**Supplied data:**

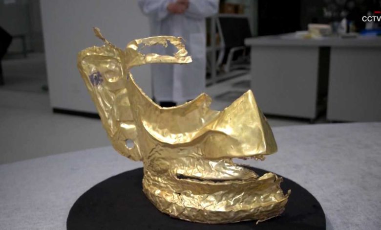 The remains of a gold mask are among a huge cache of 3,000-year-old artifacts found at an archaeological site in China's Sichuan province.
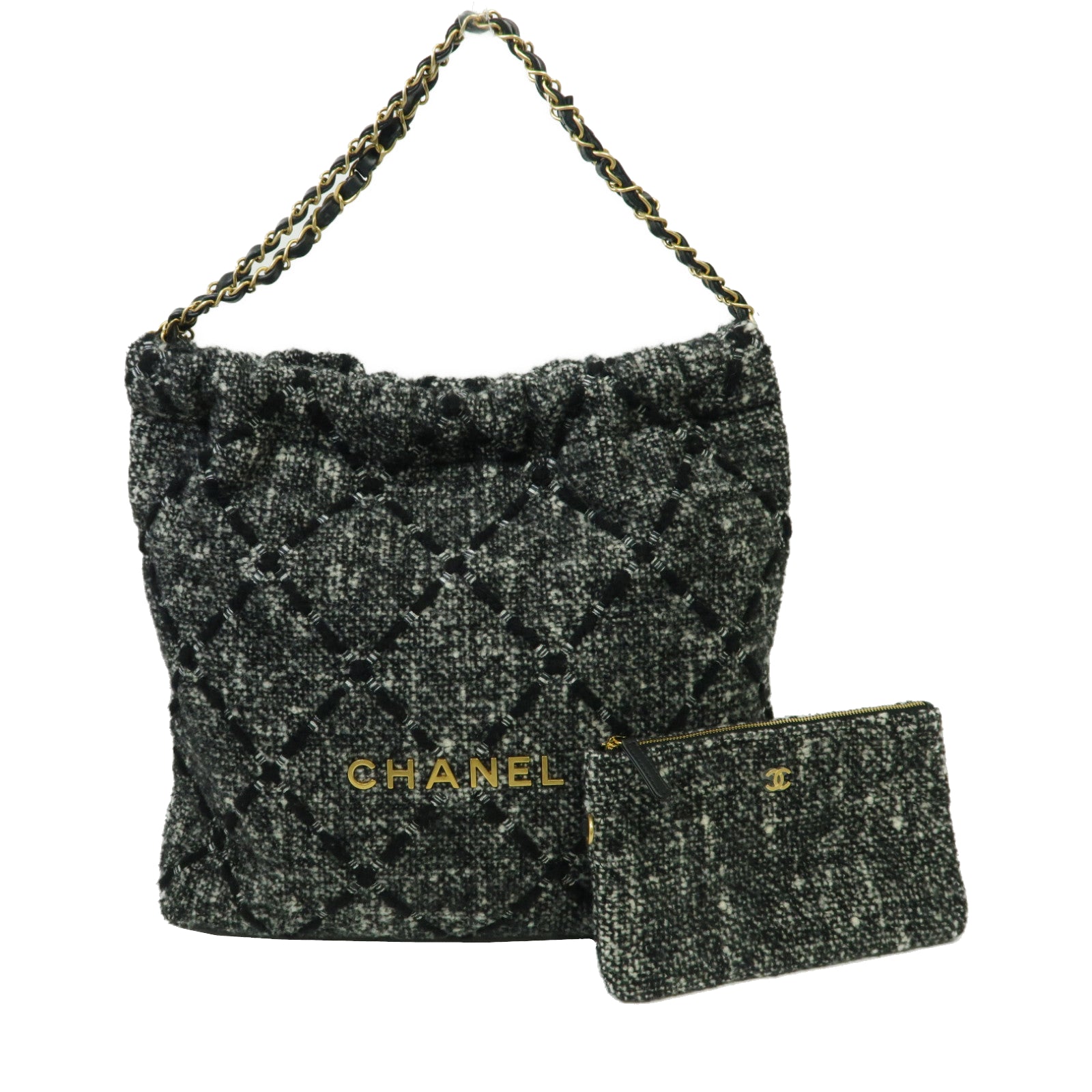 CHANEL 粗花呢Chanel 22金扣手挽袋黑色/白色
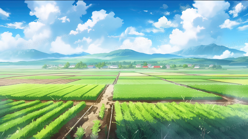 本作品内容为乡村绿色田野庄稼风景插画, 格式为 jpg, 大小3 MB, 图片尺寸为2912 x 1632, 源文件无水印, 欢迎使用熊猫办公。 如认为平台内容涉嫌侵权,可通过邮件:tousu@tukuppt.com提出书面通知,我们将及时处理。
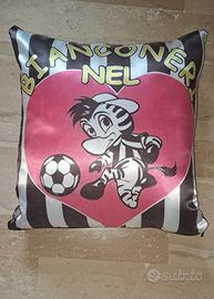 Vendo simpatico cuscino decorativo a strisce bianche e nere, perfetto per la cameretta o per il divano di un piccolo (o grande!) tifoso.
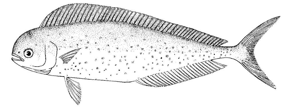 Coryphaena hippurus tiene pequeña y ovalada el área dentada de la lengua.
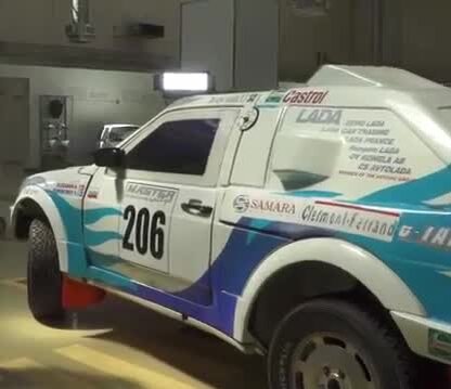 Этот автомобиль по праву можно назвать самой крутой и редкой восьмёркой в истории. У этого автомобиля очень много индивидуальных фишек. Задние фонари как от обычной восьмёрки, классические ручки, ультралегкий аутентичный пластиковый логотип. Эта машина построена для ралли рейдов категории Т3, поэтому её кузов сверхлегкий. Он сделан из кевлара, из которого делают бронежилеты. Также в производстве использовался стеклопластик. Вместо боковых стекол – плексиглаз, приделанный кнопками, и он имеет тонировку, которую бы не одобрили ли сотрудники ДПС. Сзади расположены Sand Trake, которые должны быть в комплекте любого раллийного автомобиля. Конечно здесь много отверстий для охлаждения двигателя и салона. Производители даже сделали дырку на месте крепления номера просто под форму номерного знака. Это машина полноприводная и вся её трансмиссия взята от невероятного Porsche 959. Очень лёгкая дверь, в которой механизм закрывания заменён обычной верёвкой. Салон оснастили пр
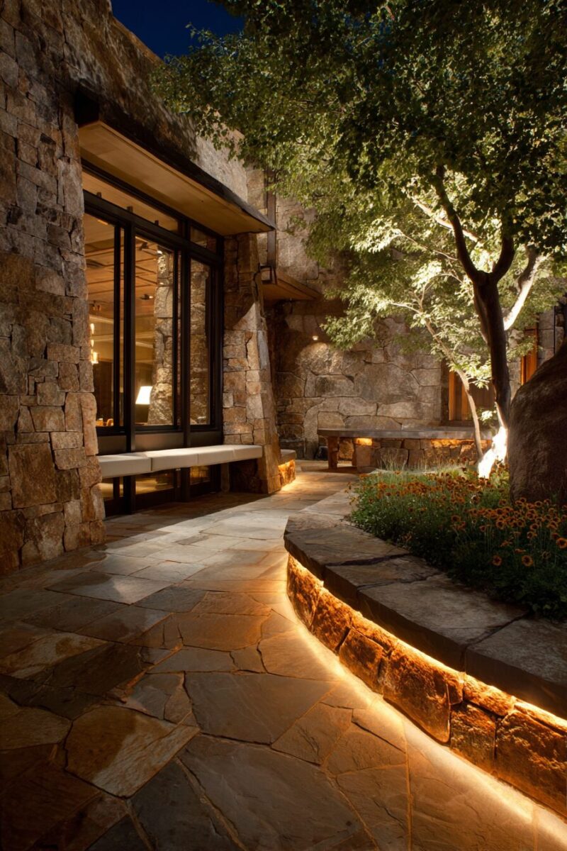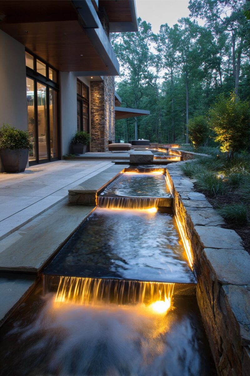 Combining water features with strategic lighting creates mesmerizing effects that engage multiple senses, as the sound of flowing water complements the visual dance of light on moving liquid surfaces.
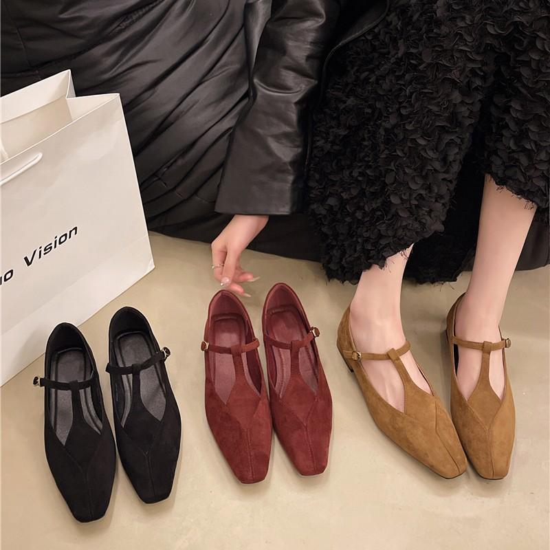 French small square head retro thick heel suede single shoes women's autumn design buckle Mary Jane shoes
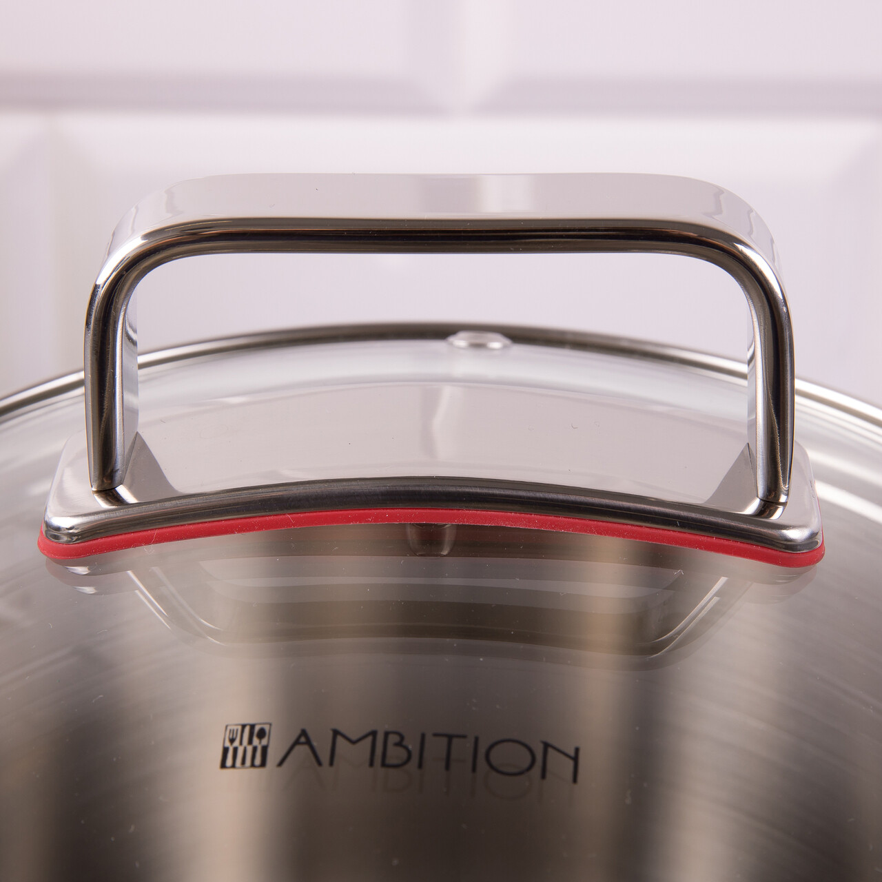 Oalele din linia Selection fabricate de brandul Ambition au fost concepute pentru a satisface cei mai exigenti clienti. Realizate din otel inoxidabil de cea mai buna calitate 18/10 (AISI 304). Acest tip de otel nu interactioneaza cu alimentele, nici macar cu produsele acide. Este rezistent la activitatea acizilor si bazelor concentrate si la temperaturi ridicate. Partile laterale ale vaselor au o grosime de 0.7 mm, ceea ce le permite sa pastreze alimentele calde mai mult timp. Oalele Selection au fundul in trei straturi (otel-aluminiu-otel) cu o grosime de 4.2 mm. Aceasta face ca caldura acumulata in timpul incalzirii sa se raspandeasca uniform. Fundul multistrat permite, de asemenea, mentinerea temperaturii mai mult timp dupa ce se gateste. Pe partea interioara a vaselor exista un indicator de capacitate care ajuta la masurarea cantitatilor adecvate de lichide. Vasele de selectie sunt potrivite pentru toate tipurile de aragazuri, inclusiv pentru cele cu inductie. De asemenea, pot fi utilizate in siguranta in cuptor pana la 180ºC, astfel incat sunt perfecte nu numai pentru gatit, ci si pentru coacere. Capacele sunt fabricate din sticla securizata. Au covorase din silicon intre sticla capacului si maner. Acestea protejeaza manerele capacului impotriva incalzirii.
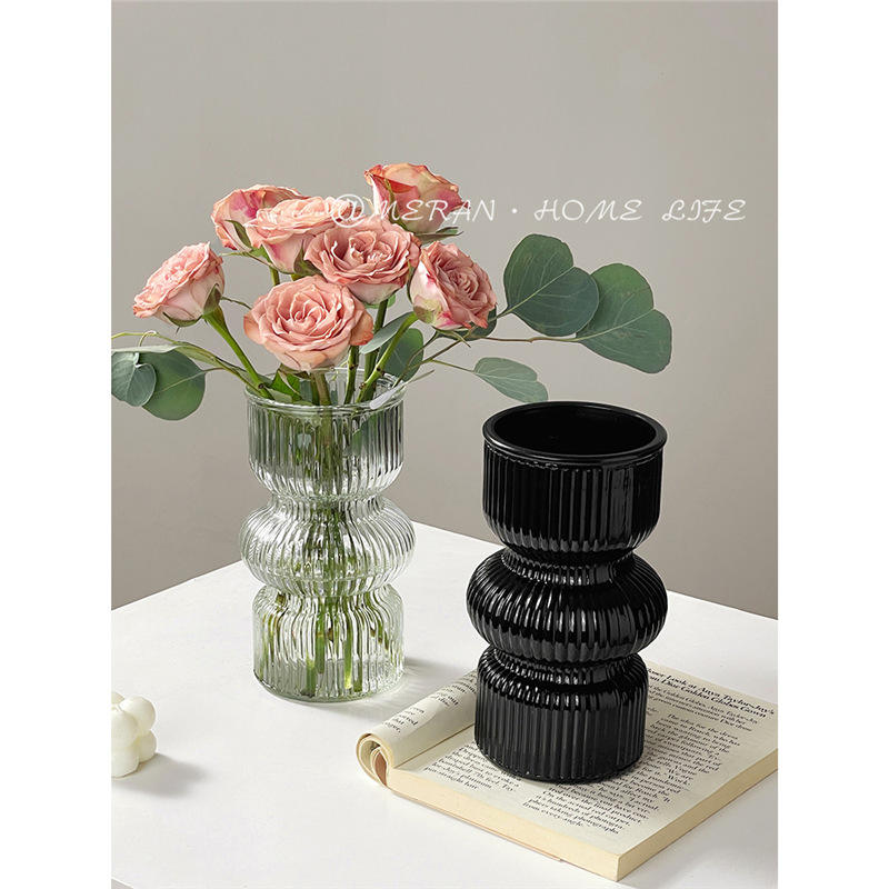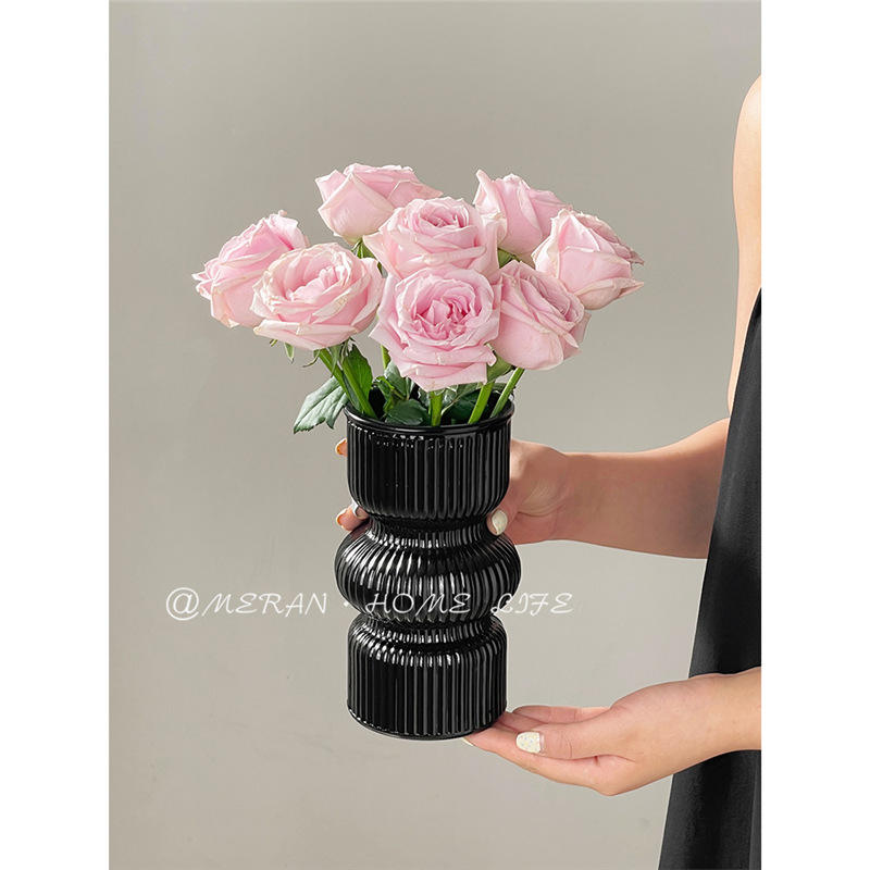 แจกันแก้วสไตล์ฝรั่งเศสสีดำสำหรับตกแต่งบ้าน ห้องนั่งเล่น และโต๊ะอาหาร
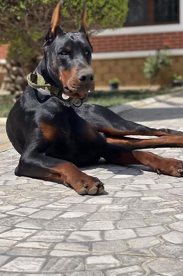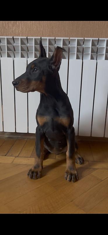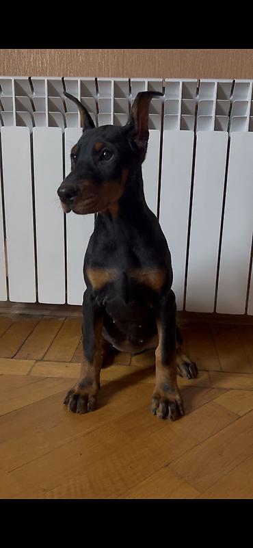 Saf qanlı Doberman Pinscher balası. Xüsusiyyətlər: - Rəng: qara/qəhvəyi (tan işarələr) - Cinsəxas atletik quruluş, güclü skelet və ifadəli baş - Qulaqlar formaya gətirilib; quyruq təbii - Aktiv, ç...
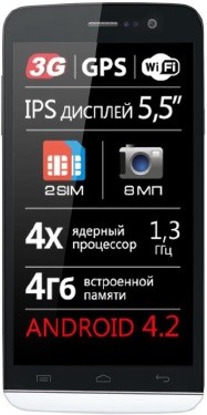 Бюджетный Explay Blaze обладатель 5.5-дюймового IPS дисплея с разрешением 960х540 пикселей, 4-ядерного процессора с тактовой частотой 1.3 ГГц, 512 МБ ОЗУ и 4 ГБ ПЗУ, слота для карт microSD объемом до 32 ГБ, 8Мп камеры, батареи емкостью 2350 мАч, а также ОС Android 4.2 "из коробки".

**Assigned task:** Reproduce exactly the lines from the one with "Combining water features" to the bottom of the listing, both ends included, and nothing else. Skip the pictures.

**Exercise result:**
 Combining water features with strategic lighting creates mesmerizing effects that engage multiple senses, as the sound of flowing water complements the visual dance of light on moving liquid surfaces.
 French small square head retro thick heel suede single shoes women's autumn design buckle Mary Jane shoes
 Oalele din linia Selection fabricate de brandul Ambition au fost concepute pentru a satisface cei mai exigenti clienti. Realizate din otel inoxidabil de cea mai buna calitate 18/10 (AISI 304). Acest tip de otel nu interactioneaza cu alimentele, nici macar cu produsele acide. Este rezistent la activitatea acizilor si bazelor concentrate si la temperaturi ridicate. Partile laterale ale vaselor au o grosime de 0.7 mm, ceea ce le permite sa pastreze alimentele calde mai mult timp. Oalele Selection au fundul in trei straturi (otel-aluminiu-otel) cu o grosime de 4.2 mm. Aceasta face ca caldura acumulata in timpul incalzirii sa se raspandeasca uniform. Fundul multistrat permite, de asemenea, mentinerea temperaturii mai mult timp dupa ce se gateste. Pe partea interioara a vaselor exista un indicator de capacitate care ajuta la masurarea cantitatilor adecvate de lichide. Vasele de selectie sunt potrivite pentru toate tipurile de aragazuri, inclusiv pentru cele cu inductie. De asemenea, pot fi utilizate in siguranta in cuptor pana la 180ºC, astfel incat sunt perfecte nu numai pentru gatit, ci si pentru coacere. Capacele sunt fabricate din sticla securizata. Au covorase din silicon intre sticla capacului si maner. Acestea protejeaza manerele capacului impotriva incalzirii.
 แจกันแก้วสไตล์ฝรั่งเศสสีดำสำหรับตกแต่งบ้าน ห้องนั่งเล่น และโต๊ะอาหาร
 Saf qanlı Doberman Pinscher balası. Xüsusiyyətlər: - Rəng: qara/qəhvəyi (tan işarələr) - Cinsəxas atletik quruluş, güclü skelet və ifadəli baş - Qulaqlar formaya gətirilib; quyruq təbii - Aktiv, ç...
 Бюджетный Explay Blaze обладатель 5.5-дюймового IPS дисплея с разрешением 960х540 пикселей, 4-ядерного процессора с тактовой частотой 1.3 ГГц, 512 МБ ОЗУ и 4 ГБ ПЗУ, слота для карт microSD объемом до 32 ГБ, 8Мп камеры, батареи емкостью 2350 мАч, а также ОС Android 4.2 "из коробки".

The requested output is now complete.